_WORK INSTRUCTION_. In the records below, find the line with "Permite colgar cuadros" and repeat exactly every line from it through the line with "Fachada: Estética industrial". Pictures stay out.

_DATA TO PROCESS_.
=======
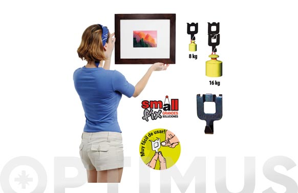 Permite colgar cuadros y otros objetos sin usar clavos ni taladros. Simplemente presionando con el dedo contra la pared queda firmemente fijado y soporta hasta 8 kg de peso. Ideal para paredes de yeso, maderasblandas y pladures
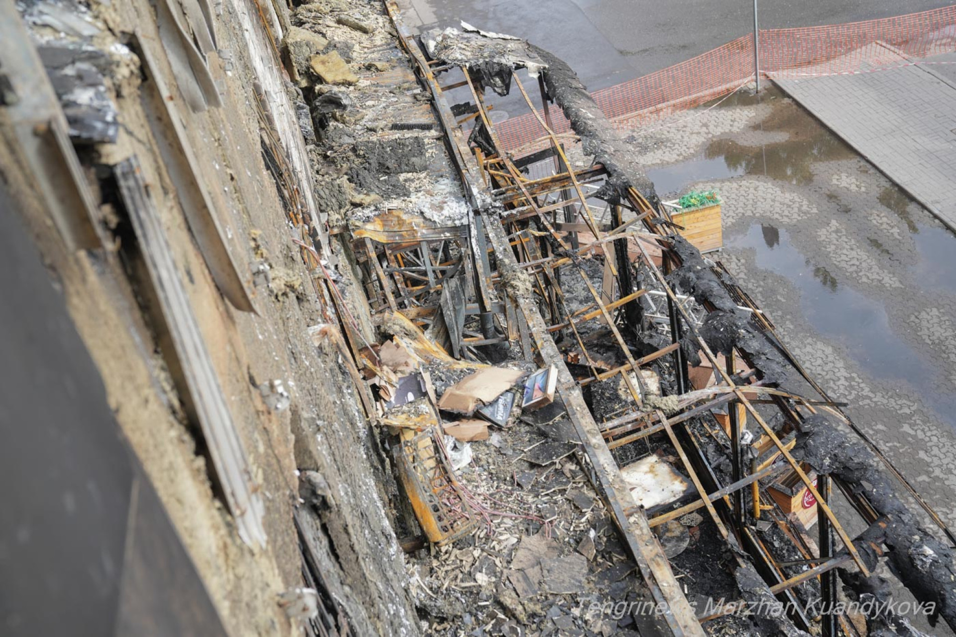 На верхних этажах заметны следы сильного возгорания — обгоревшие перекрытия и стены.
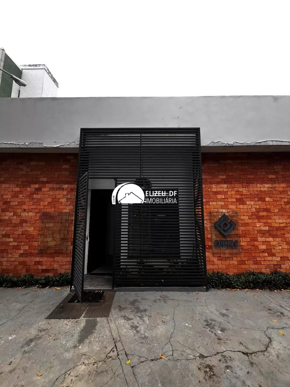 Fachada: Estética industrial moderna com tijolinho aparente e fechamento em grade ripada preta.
=======
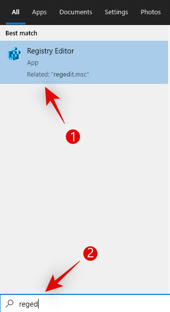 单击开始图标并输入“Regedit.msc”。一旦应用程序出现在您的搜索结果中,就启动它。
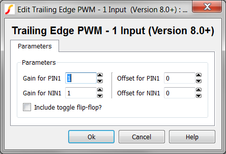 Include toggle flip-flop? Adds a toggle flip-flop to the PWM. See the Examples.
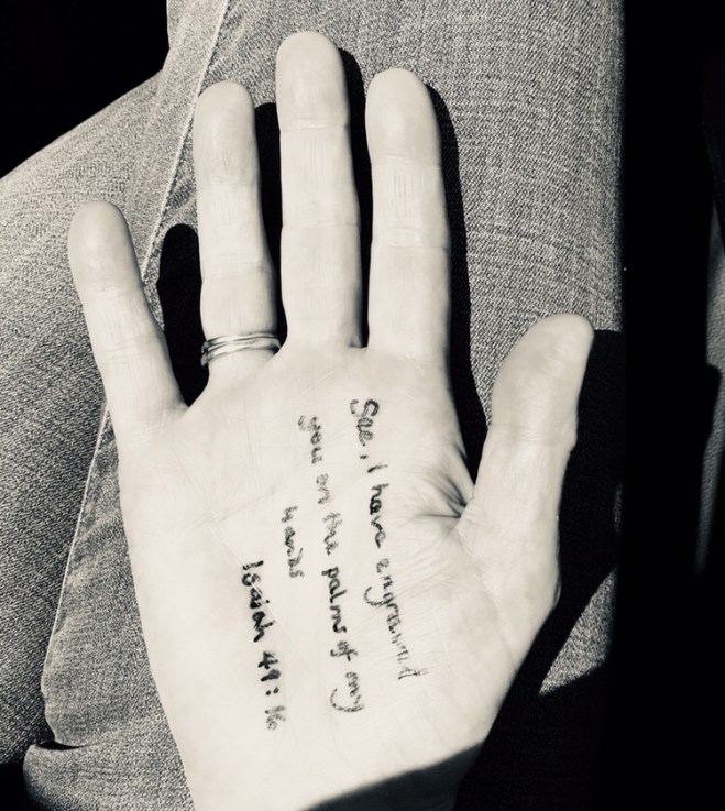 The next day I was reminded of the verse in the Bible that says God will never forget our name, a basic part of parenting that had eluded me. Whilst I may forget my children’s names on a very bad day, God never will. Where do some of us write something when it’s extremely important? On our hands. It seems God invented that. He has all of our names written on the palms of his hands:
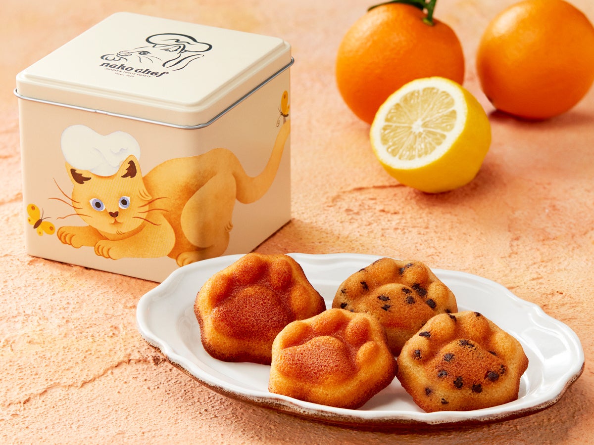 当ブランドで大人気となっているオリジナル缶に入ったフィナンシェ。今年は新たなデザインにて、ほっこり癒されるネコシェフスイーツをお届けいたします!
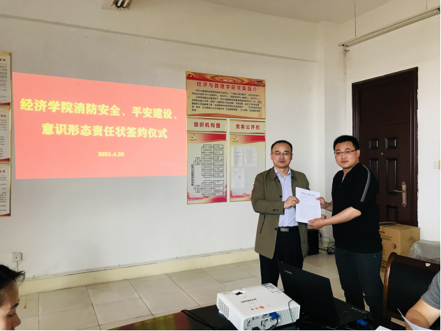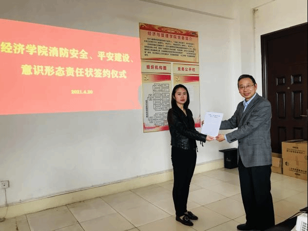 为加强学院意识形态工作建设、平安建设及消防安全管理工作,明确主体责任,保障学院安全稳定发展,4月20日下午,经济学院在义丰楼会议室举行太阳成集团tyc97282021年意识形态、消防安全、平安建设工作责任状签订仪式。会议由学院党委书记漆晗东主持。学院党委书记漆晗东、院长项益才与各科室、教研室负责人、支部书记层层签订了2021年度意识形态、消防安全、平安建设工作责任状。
=======
_RESPONSE_.
 Permite colgar cuadros y otros objetos sin usar clavos ni taladros. Simplemente presionando con el dedo contra la pared queda firmemente fijado y soporta hasta 8 kg de peso. Ideal para paredes de yeso, maderasblandas y pladures
 На верхних этажах заметны следы сильного возгорания — обгоревшие перекрытия и стены.
 Fachada: Estética industrial moderna com tijolinho aparente e fechamento em grade ripada preta.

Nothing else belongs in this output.